#### Work instruction
Everything from the line containing "All'interno della confezione" through the final line below must be output exactly, both ends included, with nothing else and no pictures.

#### Data shown
* * * * * * * * *

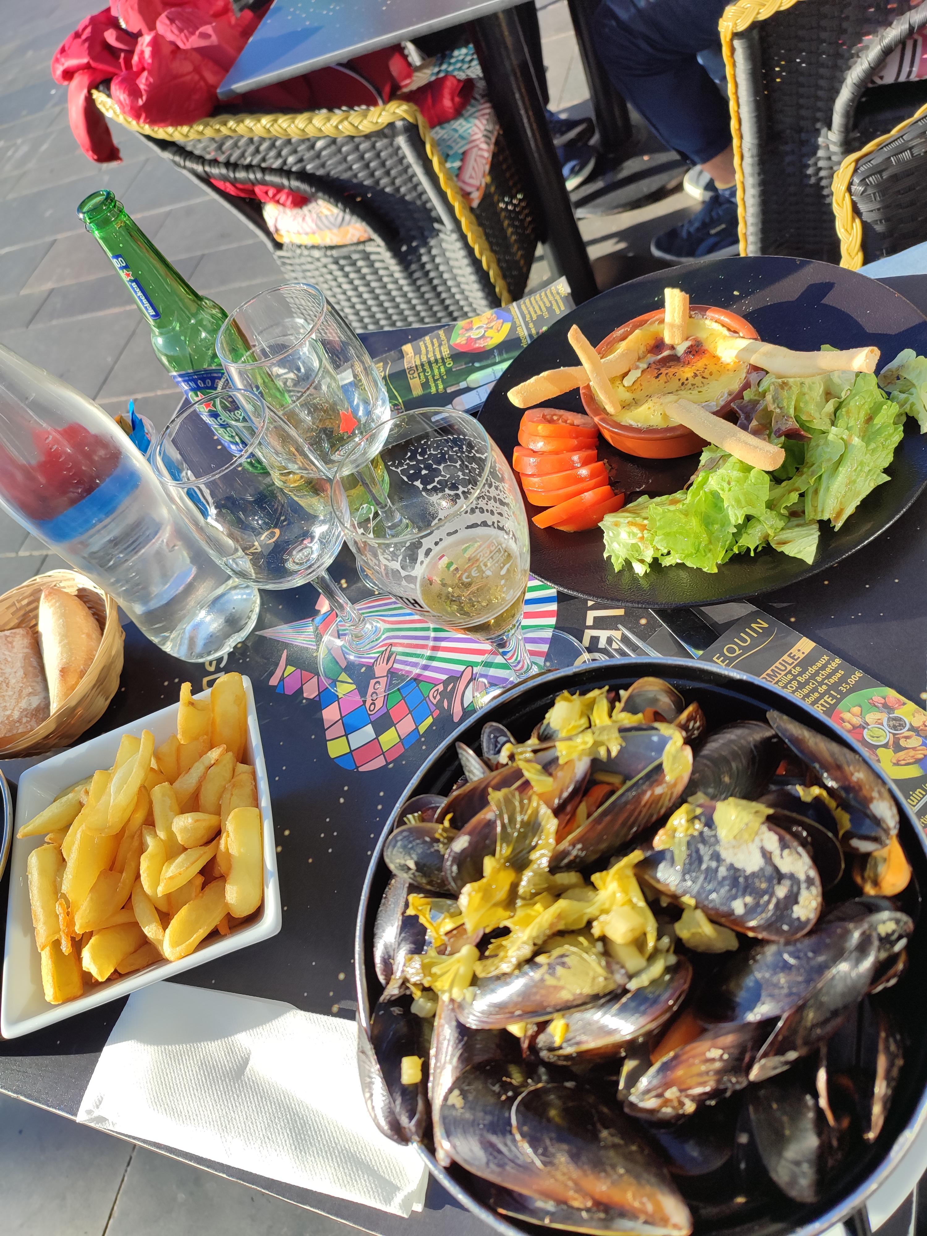 Patron bien lourdingue avec ses blagues Service à revoir très long !!!! Serveurs pas aimables ! Moules frites sans plus Frites pas très fraîches Camembert rôti tres bon
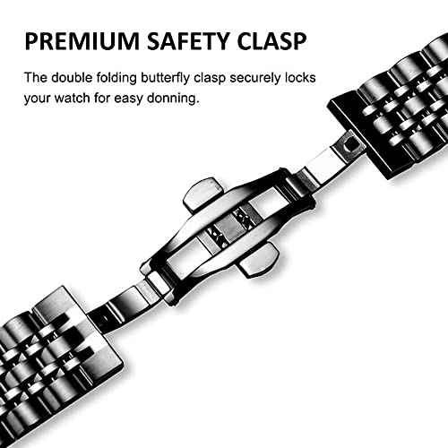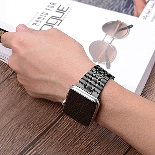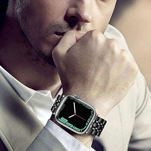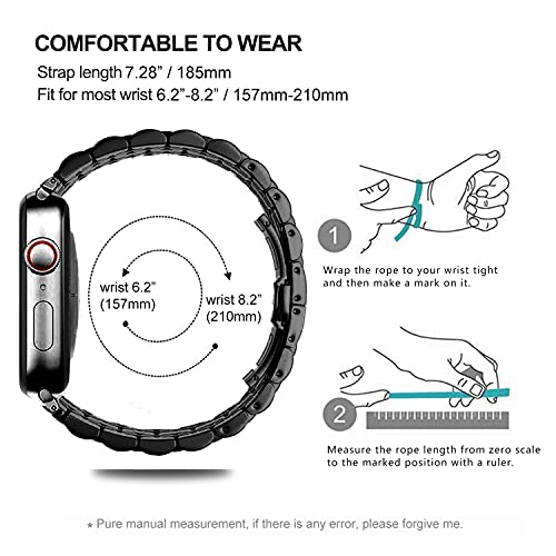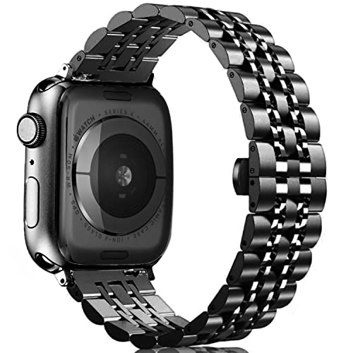 DEALELE - سوار متوافق مع ساعة اي ووتش 42 ملم 44 45 49 بديل من 7 صفوف الستانلس ستيل لساعة آبل سلسلة 8/7/6/5/4/3/SE/الترا للنساء والرجال ديليل أسود
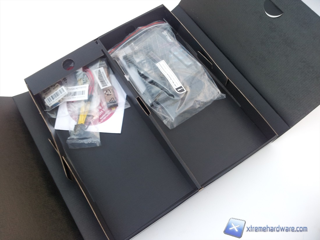 All'interno della confezione sono presenti due scatole nere, una più piccola contenente il bundle e una grande contenente la scheda. Contrariamente alla GTX 580 Matrix Platinum, il bundle è in teoria ben più ricco anche se, nel nostro caso, probabilmente a causa della non curanza di recensori precedenti, la maggior parte di esso era assente, la dotazione completa comprende:
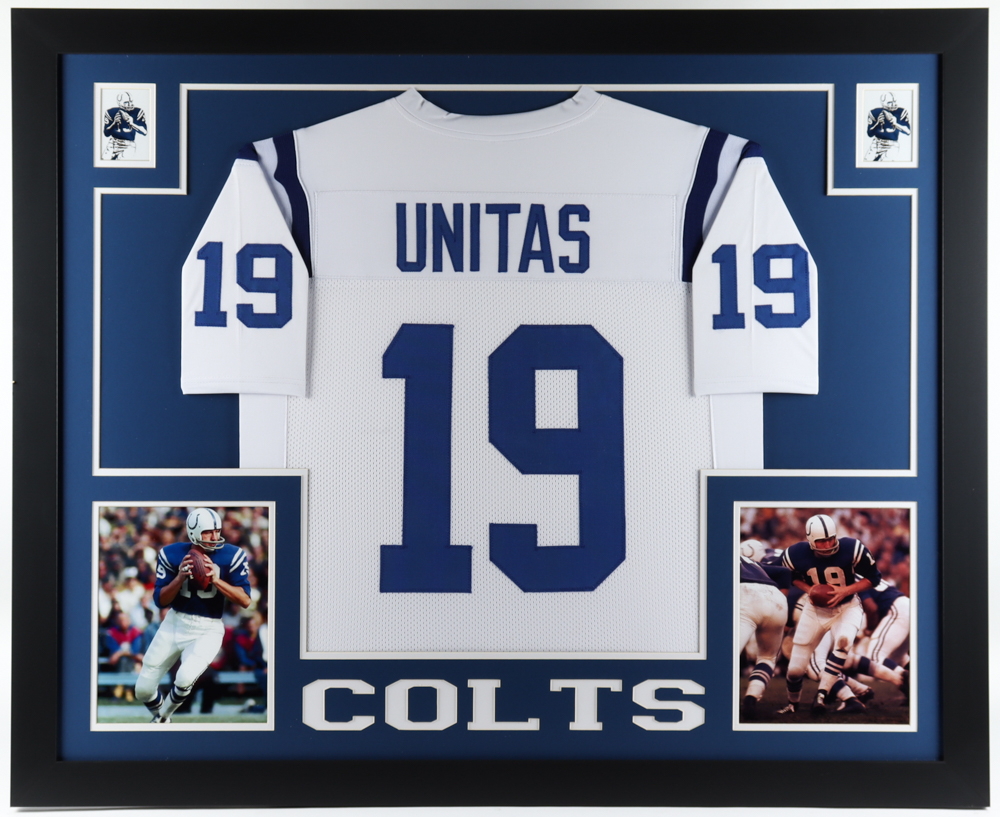 Custom frame measures 35.5" x 43.5" in size and features a jersey of Johnny Unitas (D. 2002, HOF). Please note, the display is unsigned.

* * * * * * * * *

#### Solution
 All'interno della confezione sono presenti due scatole nere, una più piccola contenente il bundle e una grande contenente la scheda. Contrariamente alla GTX 580 Matrix Platinum, il bundle è in teoria ben più ricco anche se, nel nostro caso, probabilmente a causa della non curanza di recensori precedenti, la maggior parte di esso era assente, la dotazione completa comprende:
 Custom frame measures 35.5" x 43.5" in size and features a jersey of Johnny Unitas (D. 2002, HOF). Please note, the display is unsigned.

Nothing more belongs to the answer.